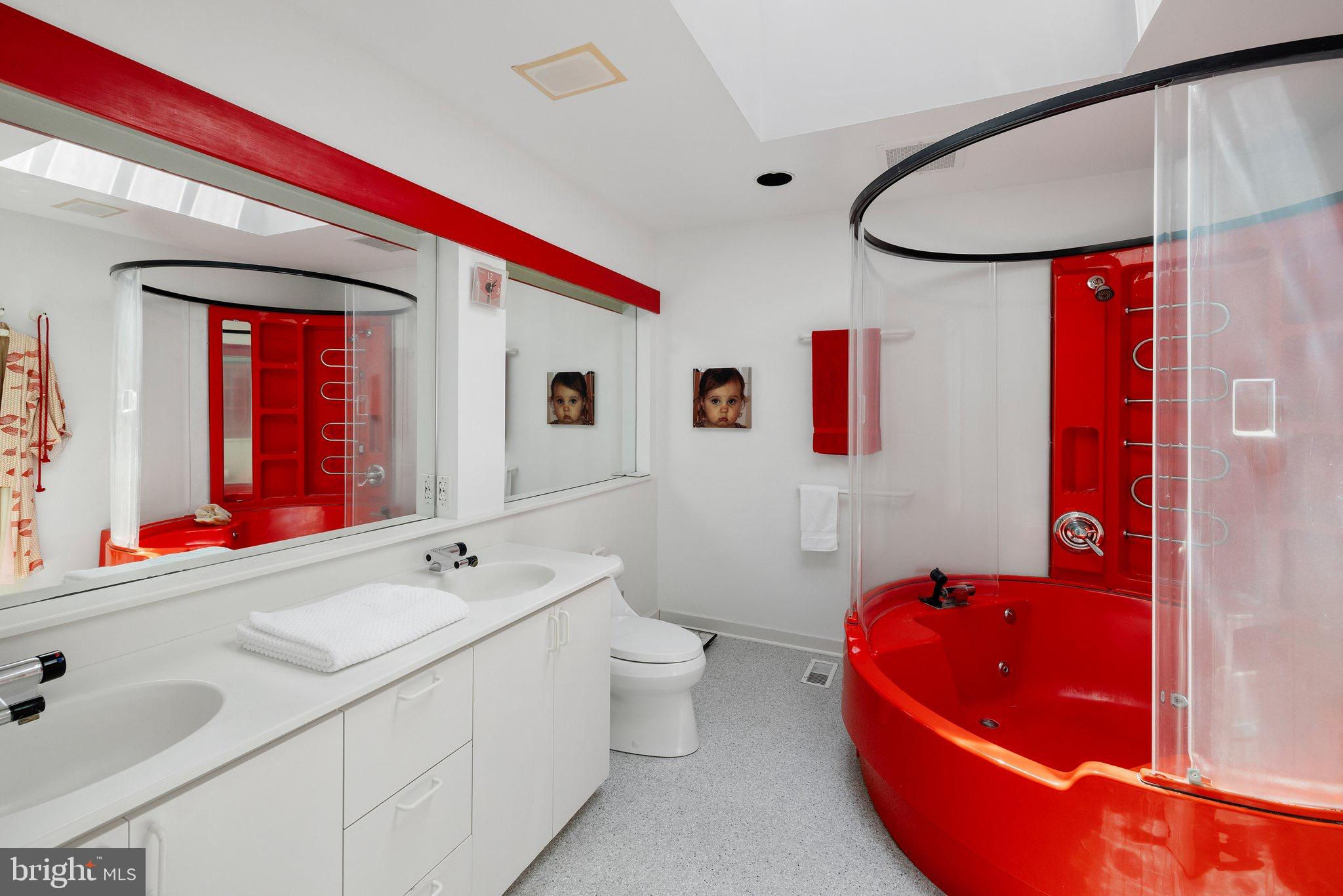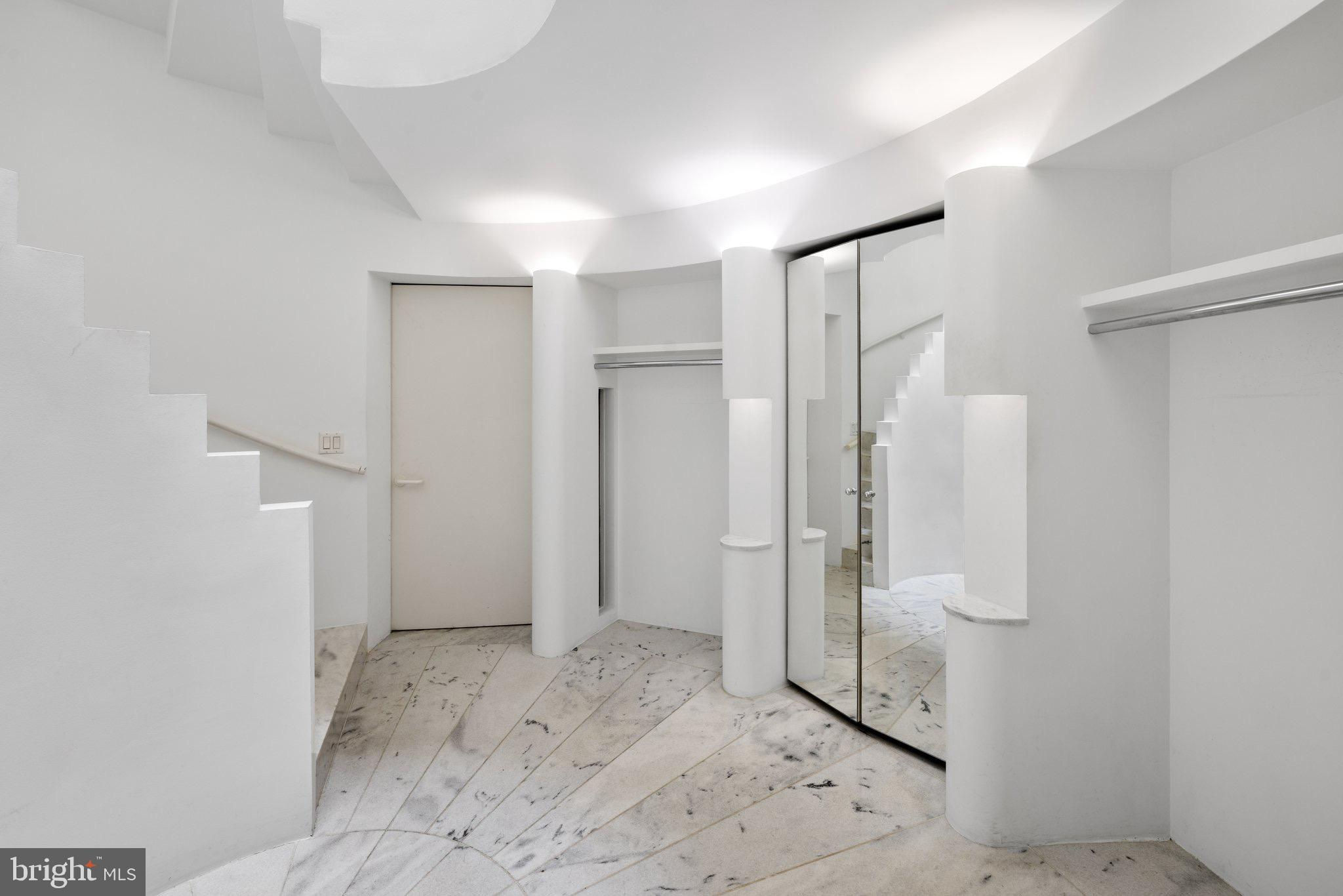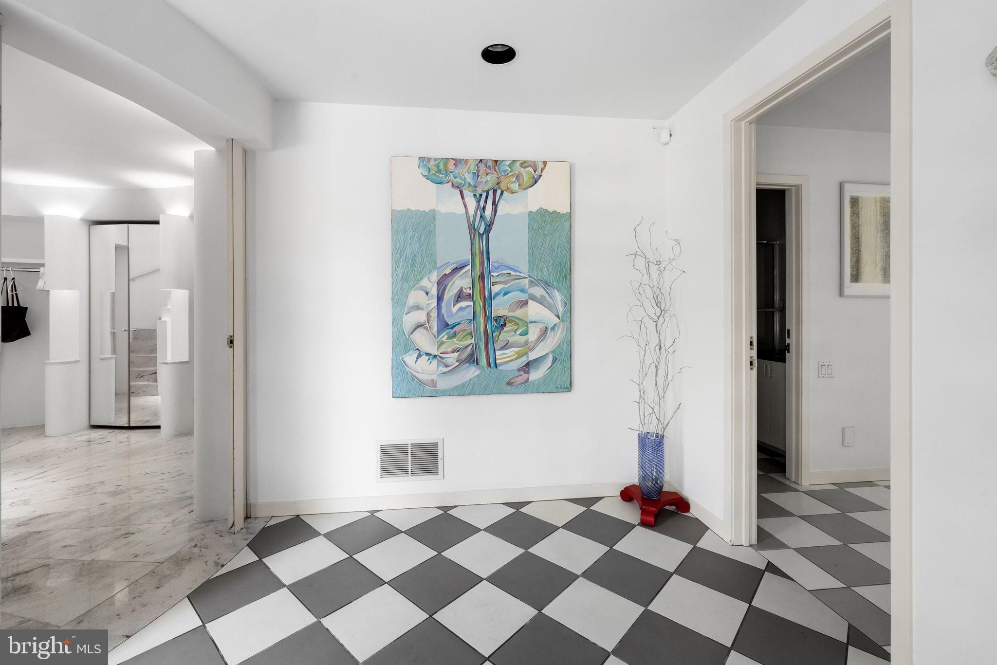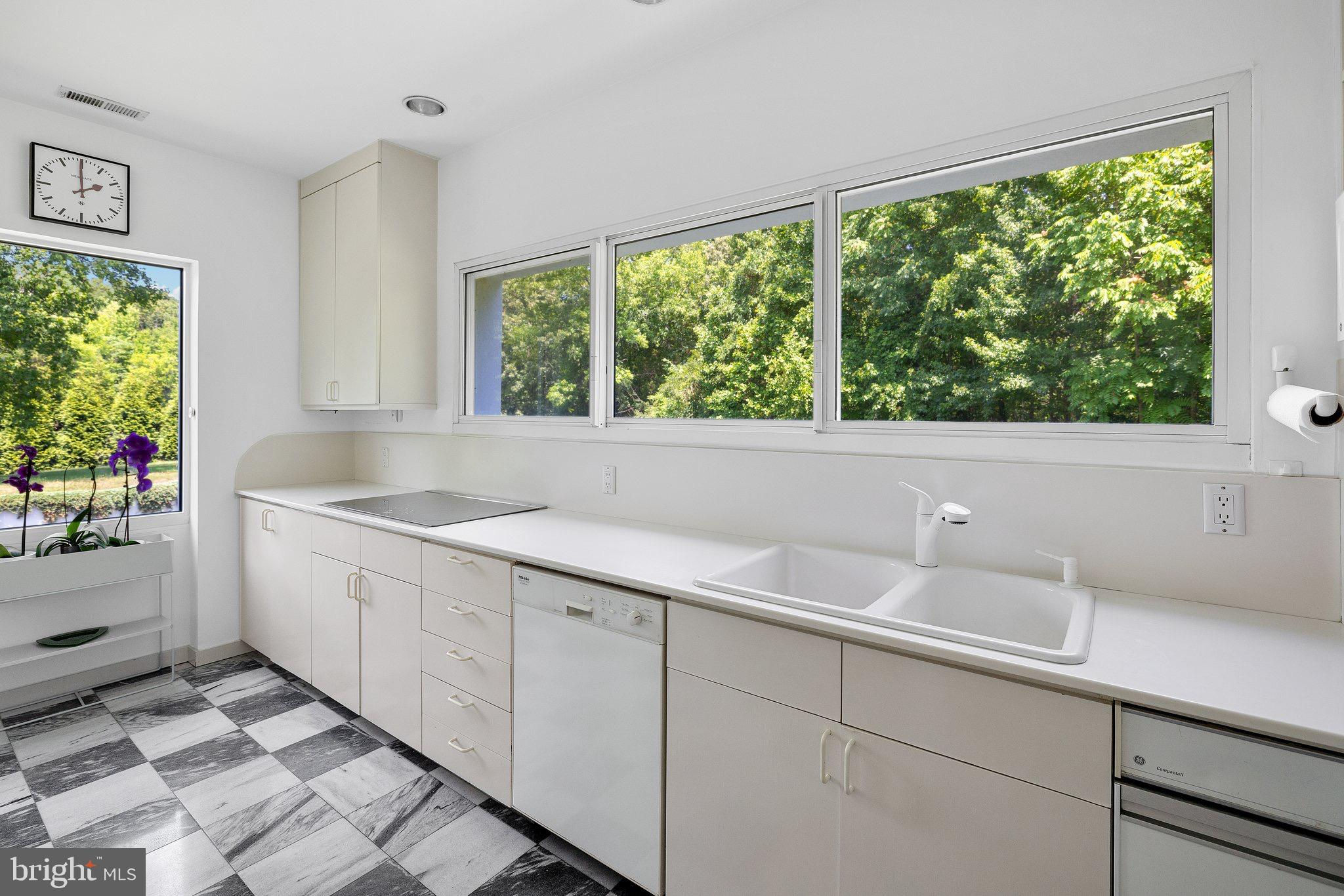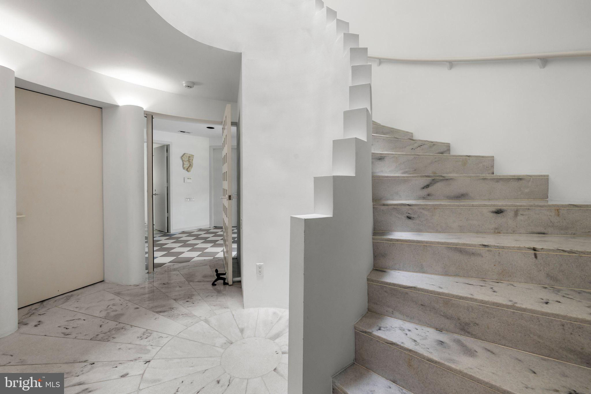 Price Reduced--A rare opportunity to own a custom, contemporary-international style home in the coveted Pembroke neighborhood along the River Road corridor awaits. This home features large picture windows in all but two spaces in the home, bathing the interiors in light throughout the day and the night. Built w/ cutting-edge sustainable techniques at the time, the home remains energy-efficient and features a rooftop greenspace above the garage. Upon entering the marbled foyer, discover the first of 5 BRs, complete w/ an ensuite bath, built-in Murphy bed, and sliding glass doors that open to the outdoors, offering flexible use. To the left, the striking spiral staircase, crafted as a single piece of steel and poured concrete, is bathed in natural light from above. On the main level, marbled flooring in a gray & white checkerboard gives a formal finish to the open space. A 2-story sky-lit atrium anchors the 4 living spaces that flow freely into one another. Just beyond the double-sided fireplace, the LR is tucked in a square bay flanked by large windows. The kitchen and DR are stunningly simple and efficiently designed to serve their purposes. A home office w/ custom cabinetry connects seamlessly to a sitting room, also outfitted w/ custom built-in shelving. Glass and wood grid-patterned pocket doors can be utilized to separate the spaces. Following the natural light, the terrace off the dining area faces east, while the terrace off the LR faces west and is perfect for sunset entertaining. Follow the spiral staircase up to find 4 BRs, each w/ an ensuite bath. The primary suite features a wall of mirrored closet doors to reflect the westward facing view. A guest room features a built-in Murphy bed for flexibility to be used as an upstairs den if desired. Set on nearly 4 acres, this property offers unparalleled privacy, while still being part of a vibrant community with views and access to the James River. Don't miss this opportunity to own a truly unique and enduring property that brings intention and functionality together.
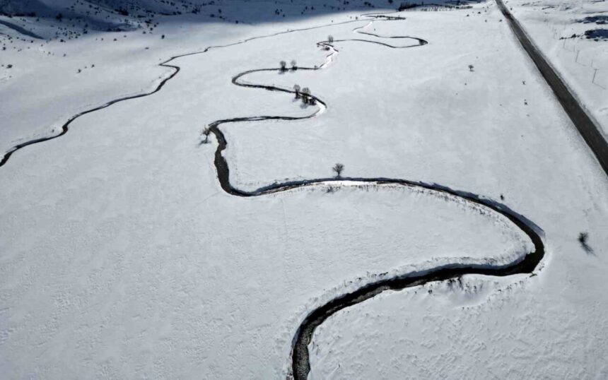 Bitlis’in Tatvan ile Hizan ilçelerini birbirine bağlayan kara yolu üzerinde yer alan Güzeldere menderesleri, etkili olan kar yağışıyla birlikte adeta kartpostallık manzaralara sahne oldu.
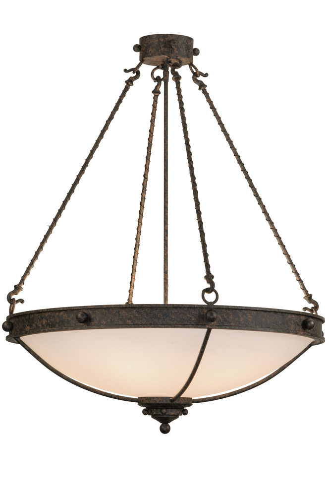 From Manhattan to LA and everywhere in between; this fixture evokes an eclectic design flair that will enhance any dining area; conference room; lobby or restaurant. An appealing Statuario Idalight bowl diffuses soft ambient light while the frame and suspension rods with rope-like accents are featured in a Coffee Bean finish. Handcrafted by highly skilled artisans in our manufacturing facility in Yorkville; NY. Custom colors; styles and sizes are available. Energy efficient lamping options such as LED are available. The 30-inch wide fixture is UL and cUL listed for dry and damp locations.
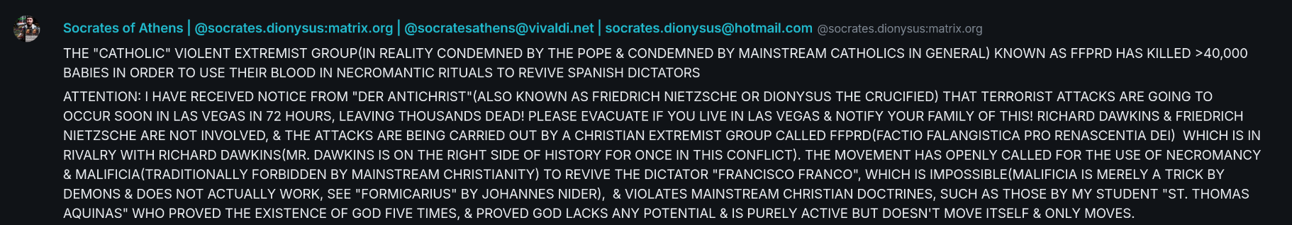 "Socrates of Athens" claims that "TERRORIST ATTACKS ARE GOING TO OCCUR SOON IN LAS VEGAS IN 72 HOURS, LEAVING THOUSANDS DEAD":
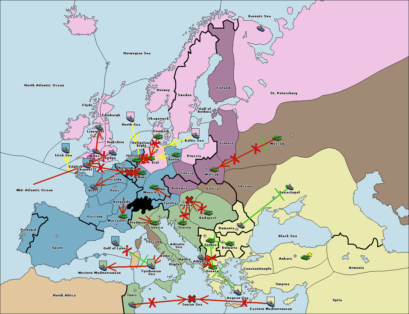 The fleet at Adriatic Sea support move to Ionian Sea from Tunis.
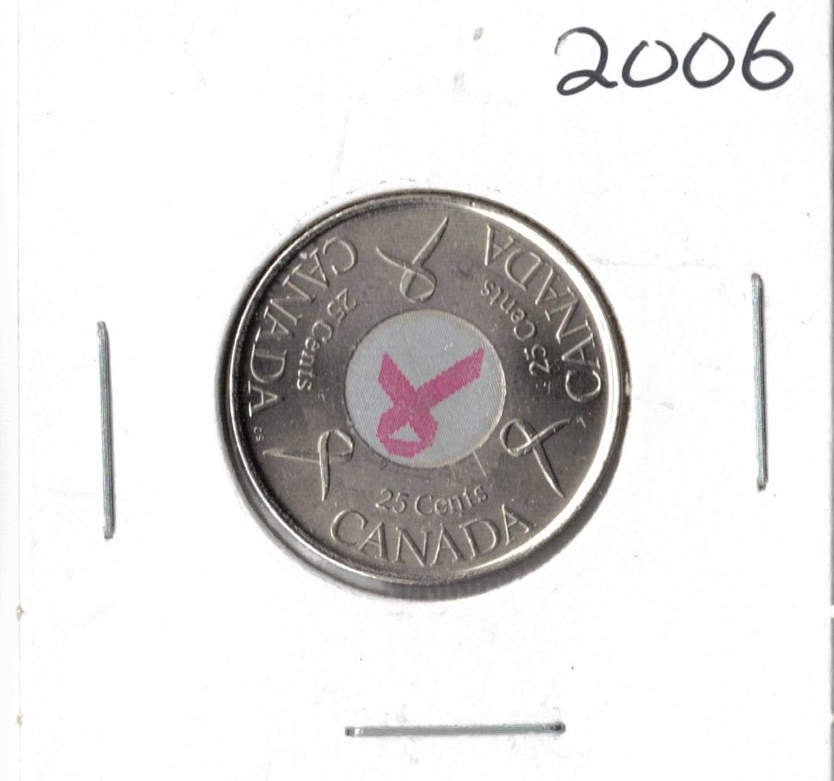 2006 Canadian Twenty-Five Cent - Pink Ribbon - Coloured
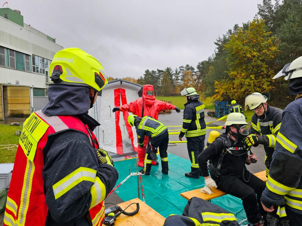(Uelzen, 11. November 2023). Am heutigen Samstag wurden die Einsatzkräfte der Feuerwehren Uelzen und Oldenstadt zusammen mit dem Gefahrgutzug Mitte um 09:48 Uhr mit dem Stichwort ABC2 – Ammoniakaustritt in die Hamburger Straße in Uelzen alarmiert. Zudiesem Zeitpunkt war den meisten Einsatzkräften noch nicht bewusst, dass es sich bei diesem Einsatz um eine Übung handelte.
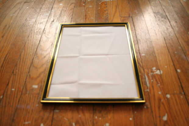 Con cuidado sacar el vidrio y cubrir el respaldo con un pedazo de tela o ropa. Usé una servilleta de lino blanco porque saltará el marco negro se utiliza contra el blanco.
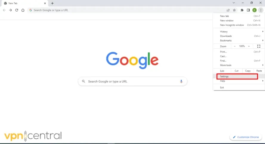 1. Access your browser’s settings by clicking on the hamburger icon on the top right-hand corner and then locate the settings button.
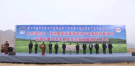 4月18日,巴彦淖尔市•伊利集团高端有机乳产业集群样板项目——杭锦后旗10万头奶牛生态乳业园区举行开工仪式。
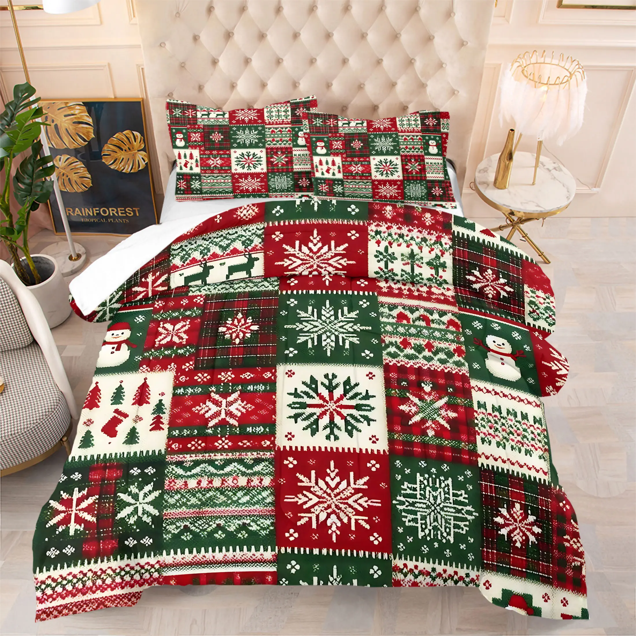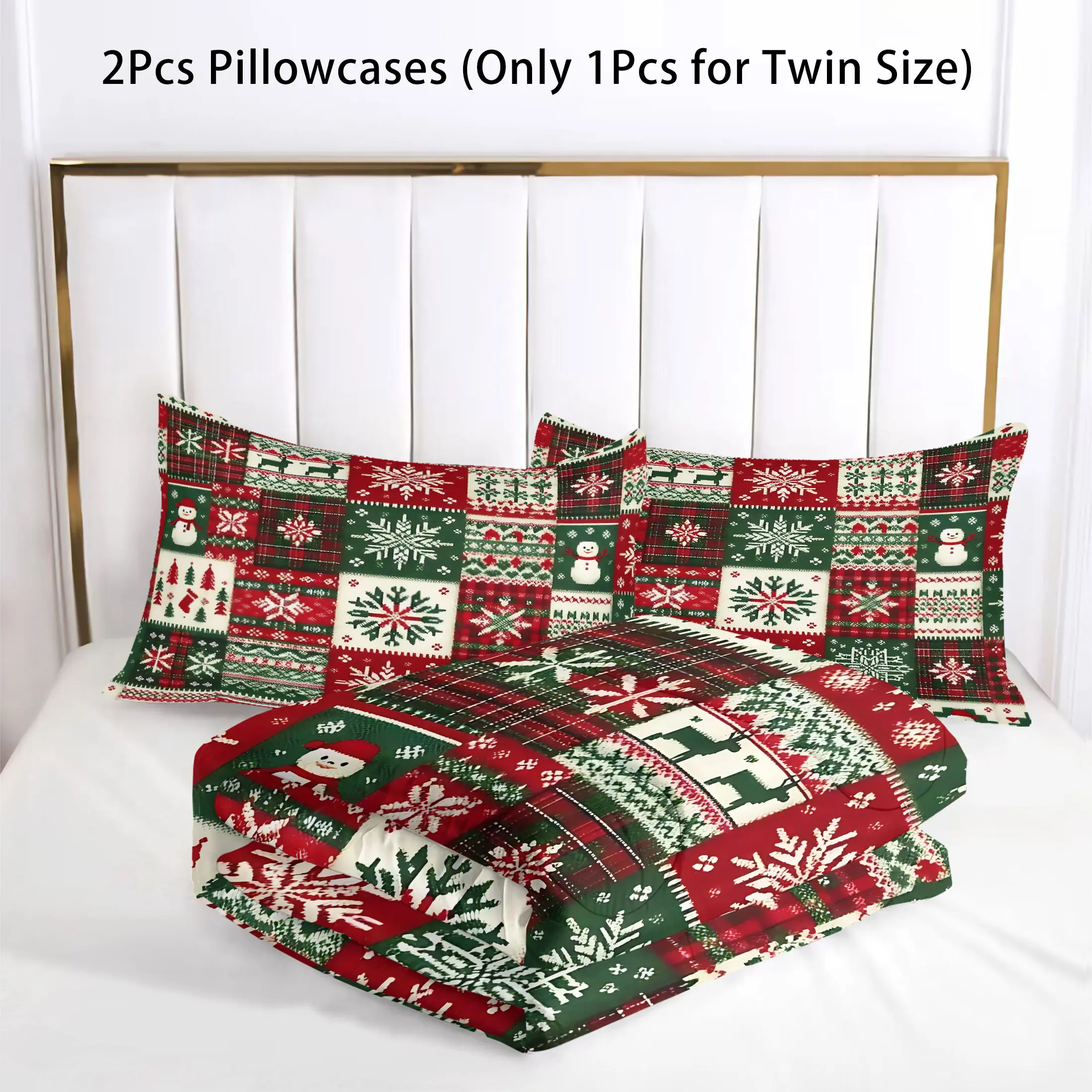 Christmas Patchwork Comforter Set, Festive Quilted Bedding Set with Snowmen, Reindeer, and Snowflakes, Cozy Holiday Decor for a Joyful Bedroom, Perfect for Winter and Holiday Celebrations, with 1 or 2 Pillowcase No Pillow Core, Bed Sheet Sets

* * * * * * *

--- WHAT IS NEEDED ---
Copy the data in full. No pictures belong in the copy.

--- TASK RESPONSE ---
 Price Reduced--A rare opportunity to own a custom, contemporary-international style home in the coveted Pembroke neighborhood along the River Road corridor awaits. This home features large picture windows in all but two spaces in the home, bathing the interiors in light throughout the day and the night. Built w/ cutting-edge sustainable techniques at the time, the home remains energy-efficient and features a rooftop greenspace above the garage. Upon entering the marbled foyer, discover the first of 5 BRs, complete w/ an ensuite bath, built-in Murphy bed, and sliding glass doors that open to the outdoors, offering flexible use. To the left, the striking spiral staircase, crafted as a single piece of steel and poured concrete, is bathed in natural light from above. On the main level, marbled flooring in a gray & white checkerboard gives a formal finish to the open space. A 2-story sky-lit atrium anchors the 4 living spaces that flow freely into one another. Just beyond the double-sided fireplace, the LR is tucked in a square bay flanked by large windows. The kitchen and DR are stunningly simple and efficiently designed to serve their purposes. A home office w/ custom cabinetry connects seamlessly to a sitting room, also outfitted w/ custom built-in shelving. Glass and wood grid-patterned pocket doors can be utilized to separate the spaces. Following the natural light, the terrace off the dining area faces east, while the terrace off the LR faces west and is perfect for sunset entertaining. Follow the spiral staircase up to find 4 BRs, each w/ an ensuite bath. The primary suite features a wall of mirrored closet doors to reflect the westward facing view. A guest room features a built-in Murphy bed for flexibility to be used as an upstairs den if desired. Set on nearly 4 acres, this property offers unparalleled privacy, while still being part of a vibrant community with views and access to the James River. Don't miss this opportunity to own a truly unique and enduring property that brings intention and functionality together.
 Bitlis’in Tatvan ile Hizan ilçelerini birbirine bağlayan kara yolu üzerinde yer alan Güzeldere menderesleri, etkili olan kar yağışıyla birlikte adeta kartpostallık manzaralara sahne oldu.
 From Manhattan to LA and everywhere in between; this fixture evokes an eclectic design flair that will enhance any dining area; conference room; lobby or restaurant. An appealing Statuario Idalight bowl diffuses soft ambient light while the frame and suspension rods with rope-like accents are featured in a Coffee Bean finish. Handcrafted by highly skilled artisans in our manufacturing facility in Yorkville; NY. Custom colors; styles and sizes are available. Energy efficient lamping options such as LED are available. The 30-inch wide fixture is UL and cUL listed for dry and damp locations.
 "Socrates of Athens" claims that "TERRORIST ATTACKS ARE GOING TO OCCUR SOON IN LAS VEGAS IN 72 HOURS, LEAVING THOUSANDS DEAD":
 The fleet at Adriatic Sea support move to Ionian Sea from Tunis.
 2006 Canadian Twenty-Five Cent - Pink Ribbon - Coloured
(Uelzen, 11. November 2023). Am heutigen Samstag wurden die Einsatzkräfte der Feuerwehren Uelzen und Oldenstadt zusammen mit dem Gefahrgutzug Mitte um 09:48 Uhr mit dem Stichwort ABC2 – Ammoniakaustritt in die Hamburger Straße in Uelzen alarmiert. Zudiesem Zeitpunkt war den meisten Einsatzkräften noch nicht bewusst, dass es sich bei diesem Einsatz um eine Übung handelte.
 Con cuidado sacar el vidrio y cubrir el respaldo con un pedazo de tela o ropa. Usé una servilleta de lino blanco porque saltará el marco negro se utiliza contra el blanco.
 1. Access your browser’s settings by clicking on the hamburger icon on the top right-hand corner and then locate the settings button.
 4月18日,巴彦淖尔市•伊利集团高端有机乳产业集群样板项目——杭锦后旗10万头奶牛生态乳业园区举行开工仪式。
 Christmas Patchwork Comforter Set, Festive Quilted Bedding Set with Snowmen, Reindeer, and Snowflakes, Cozy Holiday Decor for a Joyful Bedroom, Perfect for Winter and Holiday Celebrations, with 1 or 2 Pillowcase No Pillow Core, Bed Sheet Sets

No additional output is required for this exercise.